- Born: 31 October 1873 Bristol, U.K.
- Died: 22 June 1943 (aged 69) Bristol, U.K.
- Organization: National Union of Railwaymen
- Allegiance: United Kingdom
- Branch: Royal Navy
- Service years: 1893–1896

= Luke Bateman (trade unionist) =

Luke Henry Bateman (31 October 1873 – 22 June 1943) was a British trade unionist and politician. He repeatedly narrowly missed out on election to Parliament.

Bateman was born in Bristol to William Bateman, a railway engine driver, and Elizabeth Bush. He served in the Royal Navy from 1893–6. He began working for the Great Western Railway, becoming a stationary engineman, and joining the National Union of Railwaymen (NUR). He slowly came to prominence in the union, serving as president of its Bristol Joint Committee, then as president of its Bristol and South West District Council.
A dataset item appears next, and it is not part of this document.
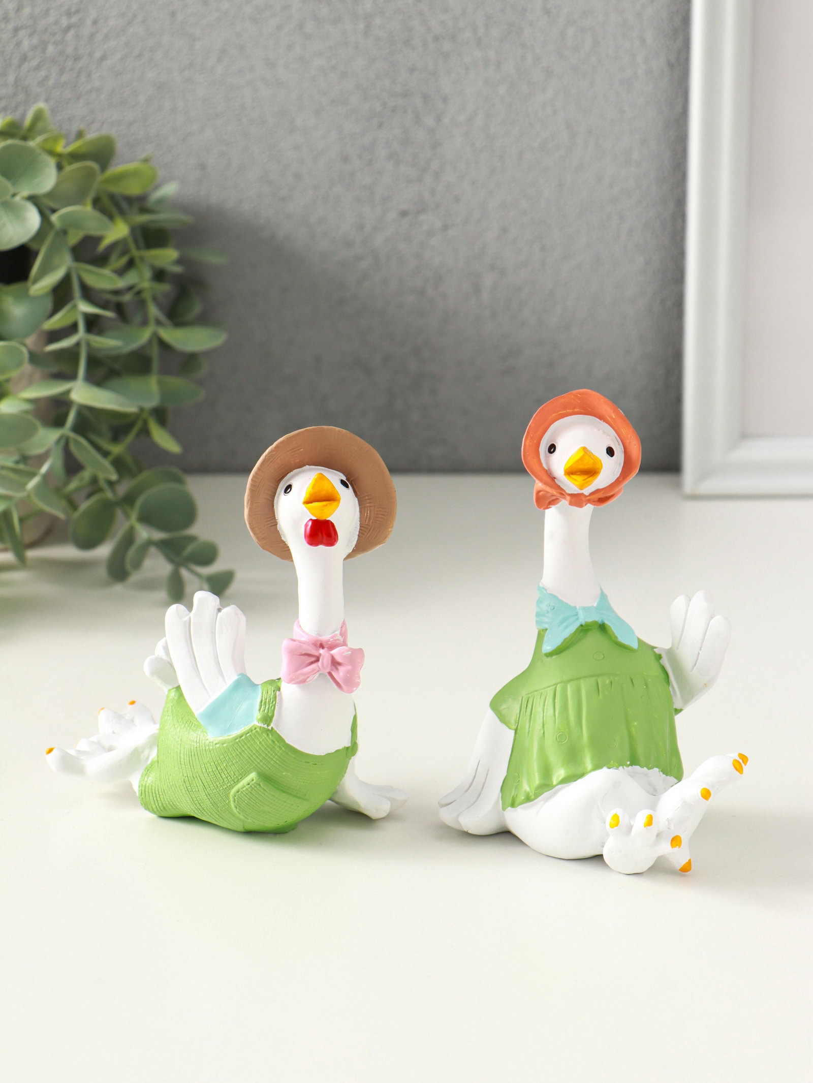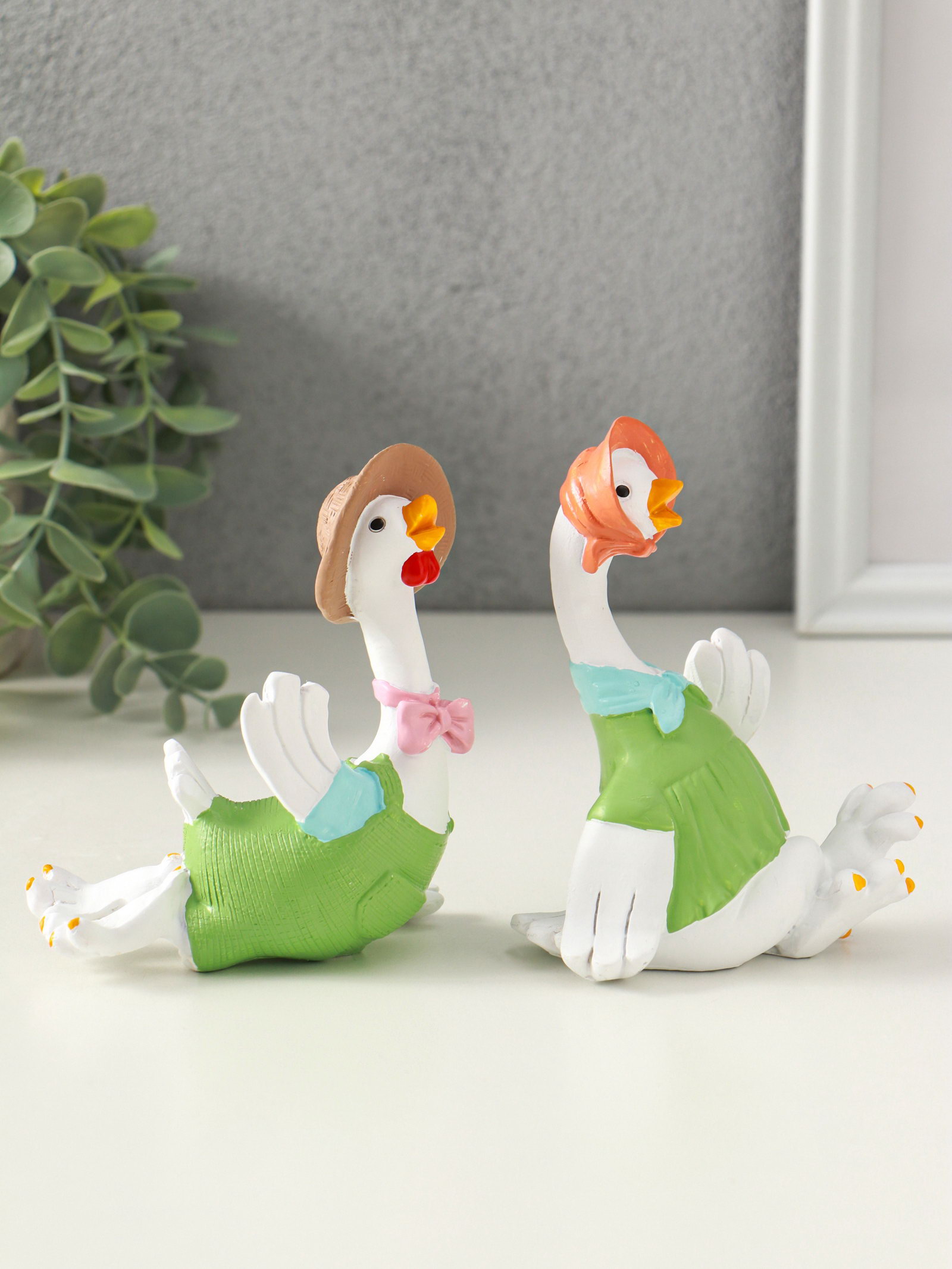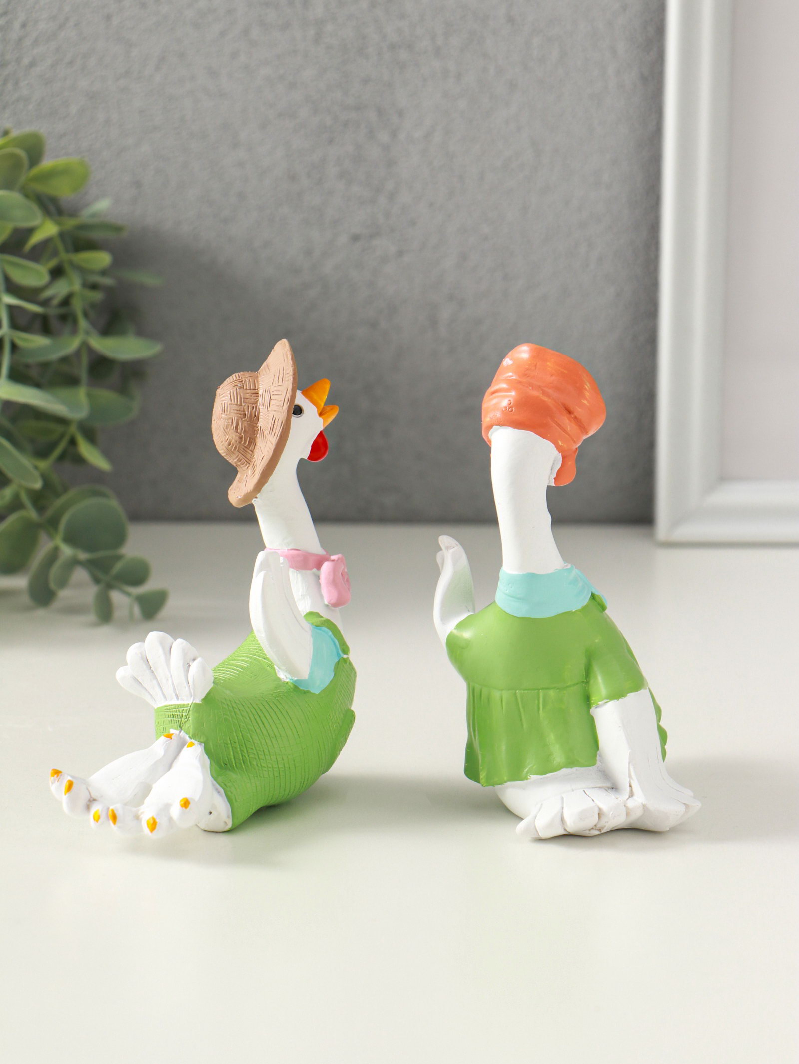 Набор фигурок полистоун "Гусь и гусыня в зелёных нарядах", 2 шт., 6x11x11.7 см, 11x6x11.7 см., Китай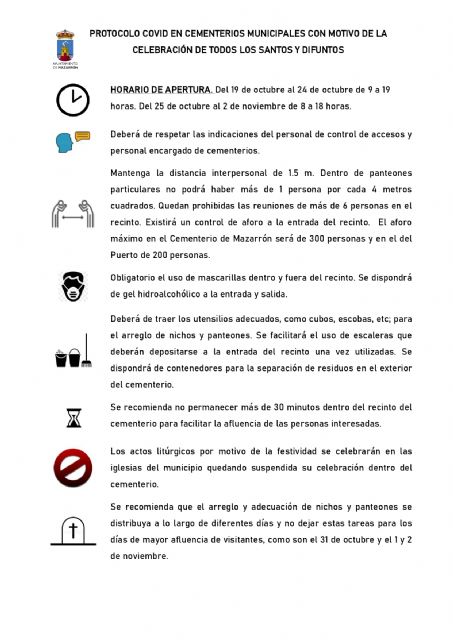 El edil responsable de Sanidad ha explicado que este año "habrá personal encargado de los accesos a los cementerios durante los días centrales de esta festividad para controlar el aforo que será de 300 personas en el de Mazarrón y 200 en el del Puerto". Asimismo, Francisco José García ha anunciado que "las personas que acudan deben hacerlo provistas de sus cubos y herramientas y tan sólo se prestarán las escaleras que serán desinfectadas una vez que un interesado las utilice".

Bateman joined the Independent Labour Party (ILP) and also the Union of Democratic Control. The ILP was affiliated to the Labour Party, for which he stood in Bristol East at the 1918 United Kingdom general election, taking second place with 42.8% of the vote. He stood again at the 1922 United Kingdom general election, increasing his vote share to 49.7%, and missing out on election by only 151 votes. He did not stand in 1923, but at the 1924 and 1929 United Kingdom general elections, he stood in Monmouth, taking around a quarter of the vote on each occasion.

He died at Southmead Hospital in Bristol, aged 69.